Tres mil ochocientos
compañeros.
¿Ellos cobran
un sueldo o lo que reciben a cambio es un plan
social?
Tienen sueldos de
entre mil y mil 300 pesos, con obra social y
seguro de vida. Están en blanco y las
cooperativas pagan a la AFIP. Además,
recibimos los fondos para la construcción
a medida que avanzan las obras, con un control
de cada etapa.
Junto con la acusación
de tener armas, se añadió la de
recibir dinero del Estado.
Bueno, que nos acusen
el día que recibamos la plata y no construyamos
nada, cuando estemos flojos de papeles. Ayer,
la gente de Cobos salió a decir que Morales
no se puede candidatear porque está flojo
de papeles. Nosotros, en cambio, podemos mostrar
todo.
Además de la
oposición, a la Túpac Amaru la
criticaron organizaciones sociales de la provincia.

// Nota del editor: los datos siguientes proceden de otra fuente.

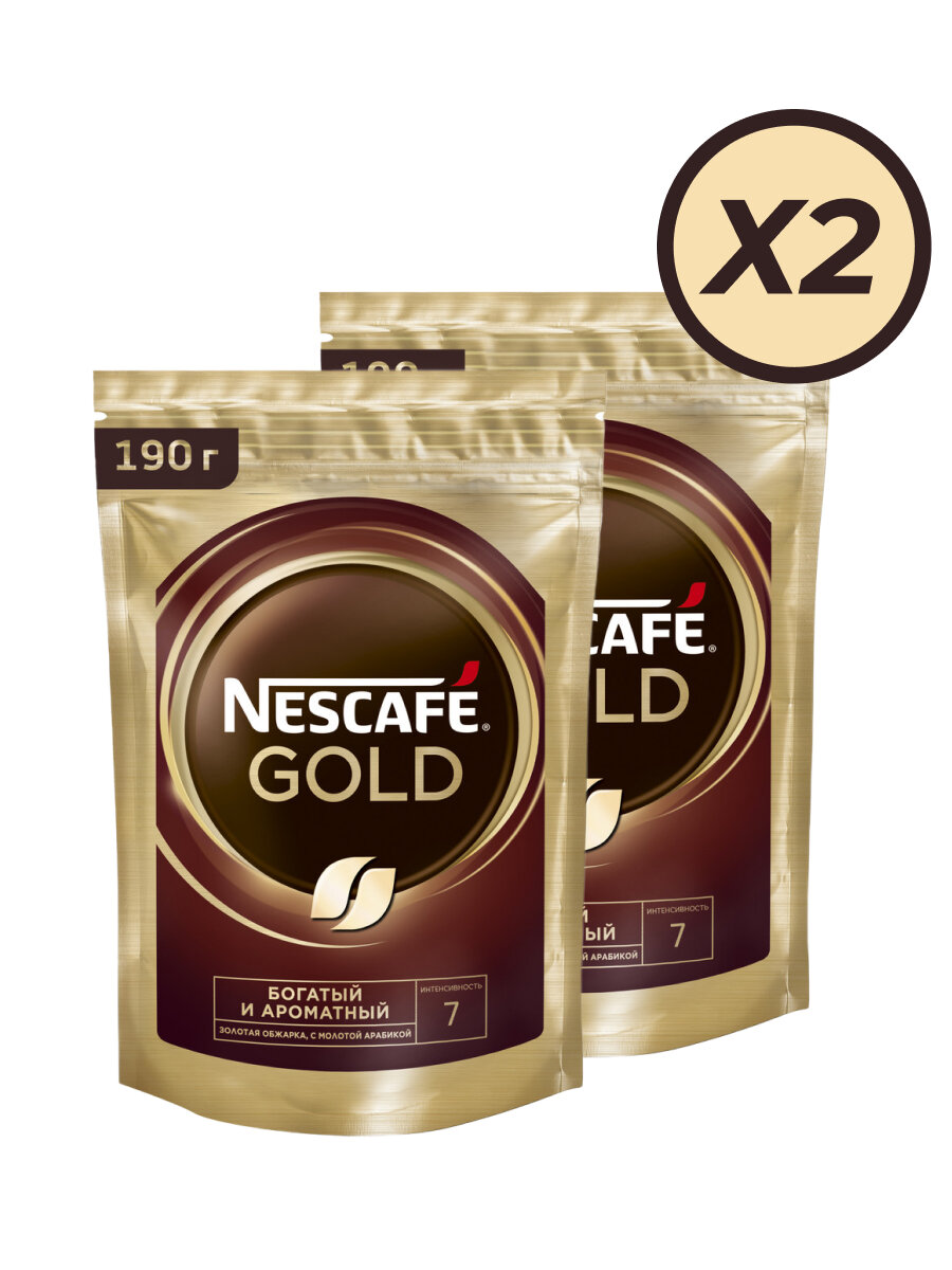 Купить Nescafe Gold Кофе растворимый сублимированный с добавлением натурального жареного молотого кофе, 190 г, 2 шт

El Perro Santillán y el PO, por ejemplo,
dijeron que usan patotas.
El PO marcha con el
Perro Santillán y él habla mal
de todo el mundo. Con el tiempo de militancia
que tiene el Perro, hoy cuando sale a la calle
no salen más de cien personas. Y cuando
nosotros salimos juntamos cuadras y cuadras,
porque los compañeros trabajan en las
cooperativas, porque tienen más salud,
más educación. Nosotros hemos
armado una red de 24 organizaciones sociales.

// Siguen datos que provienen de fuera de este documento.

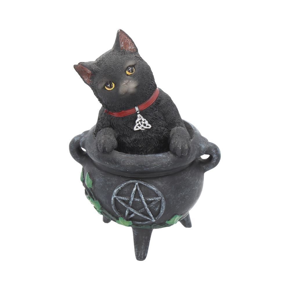 Созданная готическим брендом Nemesis Now, эта очаровательная кошка отлита из высококачественного полистоуна, а затем с любовью раскрашена вручную. Эта черная кошка с довольным видом выглядывает из котла, а на ее красном ошейнике висит серебряный медальон трикветра. Милый компаньон для ведьмы. 12 см.

Entonces, él hoy se prende con los que
ha puteado toda la vida, con los radicales.
Dice que somos violentos pero, ¿no se
acuerda de que en la década del 90
andábamos tirando piedras y quemando
gomas? El Perro tiene una memoria blanda. Se
olvida también de que hace dos meses
fue a tirar piedras contra la casa de gobierno.
Se han juntado todos nuestros enemigos, y han
llegado a pagar gente para que hablara mal de
la organización: que manejamos fierros,
que manejamos patotas.
Decía que no
quisieron presentarse a elecciones. ¿Qué
rol piensa que deben cumplir las organizaciones
sociales?
Acá el Perro
Santillán armó un partido político.
Fue cuando él estaba en la cresta de
la ola y creía que podía ser gobernador,
pero la gente no lo votó. Esa experiencia
le sirvió a mucha gente. Nosotros no
queremos saber nada de hacer esa política,
estamos bien como estamos, trabajando.
¿Por qué
fracasa ese salto de lo social a lo político?
Es que la gente piensa
que los políticos son políticos
y los dirigentes sociales tienen que ser dirigentes
sociales, que no se tienen que mezclar.